(TRENTON) – Legislation Assembly members John Wisniewski, L. Grace Spencer, Jack Conners, Bonnie Watson Coleman and Annette Quijano sponsored to encourage banking institutions to open branches in underserved communities was approved recently by the Assembly.
“Even with today’s focus on savings and sound personal financial management, many residents live in areas with no community bank and no access to professional financial advice,” said Wisniewski (D-Middlesex). “Encouraging banks to open the doors to financial security in traditionally underserved areas is key to giving more residents the tools they need to properly plan for their futures.”
“Residents whose only choices in banking are either branches located far from their homes or a corner check-cashing store really have no choices at all,” said Spencer (D-Essex). “Promoting sound financial practices requires people to have a neighborhood bank they can trust.”

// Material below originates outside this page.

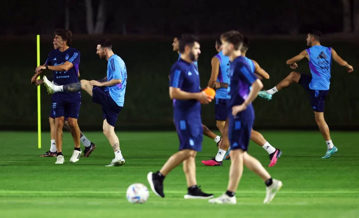 Para el trabajo táctico, Lionel Scaloni diferenció dos equipos. Montiel, Cuti Romero, Otamendi, Tagliafico, De Paul, Paredes, Mac Allister, Ángel Correa, Messi y Julián Álvarez. Esos diez hombres recibieron las pecheras. Si bien cuesta creer que el DT identifique tan pronto a un once titular, podrían haber varias sorpresas: Paredes en lugar de Enzo Fernández, las salidas de los dos laterales que jugaron ante Australia (Molina y Acuña) y que Correa reemplace al Papu Gómez, lesionado. En caso de que llegue Di María, podría ocupar el lugar del jugador del Atlético de Madrid.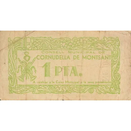 CONSELL MUNICIPAL DE CORNUDELLA DE MONTSANT 1 PTA. A cambiar a la Caixa Municipal a la seva presentació (Translation: Municipal Council of Cornudella de Montsant 1 Peseta To be changed at the `Caixa Municipal` in its presentation) |

“This is a step toward stronger communities,” said Watson Coleman (D-Mercer). “Encouraging financial institutions to locate new branches in underserved communities can only help bring about positive changes that benefit everyone.”
“Access to financial security should be open to all New Jerseyans,” said Conners (D-Burlington/Camden). “This is a step toward making this smart policy a reality.”
“This is a bill that can benefit all New Jerseyans and businesses,” said Quijano (D-Union). “Encouraging business competition is always a good thing, especially in underserved areas of our state.”
This measure (A-1458) would create a Banking Development District Program within the state Department of Banking and Insurance to help licensed financial institutions locate new branches in underserved communities. To encourage banks to take part in the program, the bill would allow the state Treasurer to deposit public funds in a participating financial institution.
The governing body of a municipality in which a banking development district has been created also would have the option of using the bank as a depository. The legislation mirrors a similar program in New York State.
The bill was approved 75-3 and now goes to the Senate for more consideration.